Face to Face
Last week I observed that Jeremy Paxman’s complaint that Winston Churchill was a giant compared to today’s miniatures applies just as well to broadcasters.
Perhaps mindful of this a friend kindly sent me a dvd compilation of the 39 interviews presented by John Freeman in the famous Face to Face series broadcast in the late fifties. The interviewees were the great and good and not only was this was the first attempt at such interviews, arguably 55 years on still the best.
One of the reasons for this becomes readily apparent from the first of the three interviews I watched last night – with eminent barrister, judge and jurist Lord Birkett namely that you only see the face of the interviewee. It was probably the next famous interviewer David Frost who ensured he had equal if not greater profile – in very sense – and the modern presenter like Jonathan Ross or Jeremy Paxman styles himself as star of the show. There was no studio but two armchairs facing each other with the camera behind John Freeman.

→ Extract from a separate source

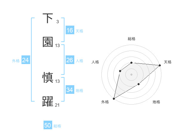 下園 慎躍さんの外格は24画の5点!
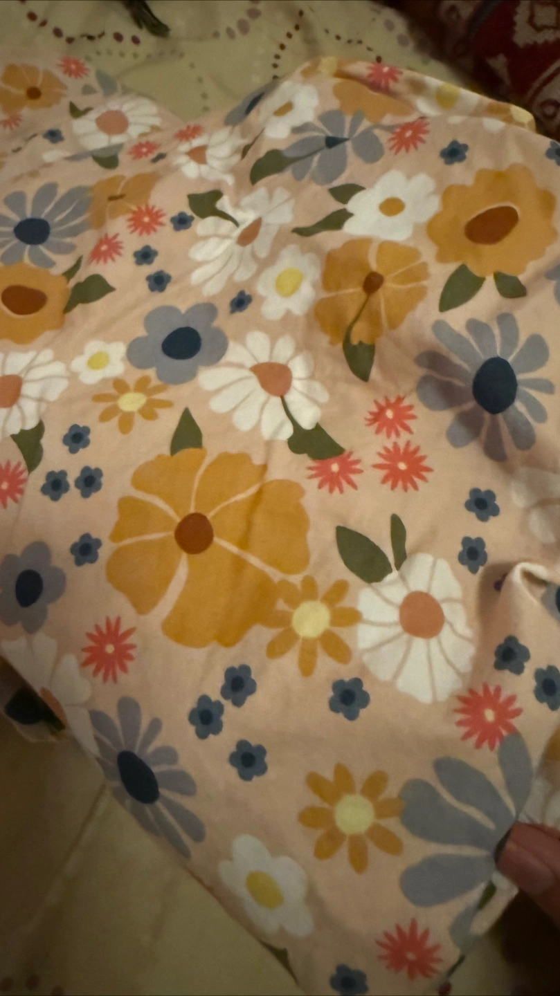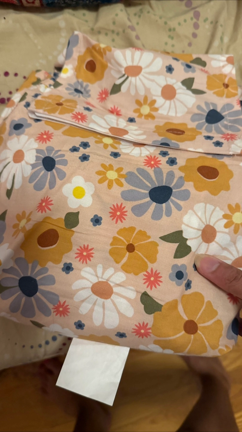 I'm selling a floral print fitted and flat sheet set, twin size, which comes in a cute storage case! The case has a velcro closure. Used only once, selling cause I’m getting a queen bed.

Freeman himself was educated at Westminster and Brasenose College, Oxford, was called to the Bar, fought in the war and was Labour MP for Watford. In a age when information was less accessible he was always totally informed on his subject.
Lord Birkett was particularly interesting on the Nuremberg trial which he attended as a alternative judge. He corrected the misconception that obeying orders was a defence in international law, it was at best a mitigation.
Bertrand Russell aged 89 was so aristocratic he might have been a cousin of Alec Douglas Home but his radical passion, for which he served 2 prison sentences, and superb intellect burned brightly despite the years.
Dame Edith Sitwell in dress and manner might have walked out of one of Oscar Wilde’s plays. Her diction and vocabulary were crystal glass upper: stupid with short u sound not stewpid, gel in place of girl and frequent use of the word impertinent to describe young people. In short she was a glorious eccentric. One curiosity of the three interviews was in every one Freeman made a not so delicate enquiry into his subject’s wealth for which he seemed to have an interest bordering on the obsessional.
I have still to watch the interview with Gilbert Harding when he was reduced to tears in talking of his mother’s death and Evelyn Waugh who was combative and curmudgeonly.
Jeremy Isaacs and Welsh TV tried to revive the formula without anything like the same success. John Freeman became the US ambassador and ended a distinguished broadcasting and political career as a bowls commentator.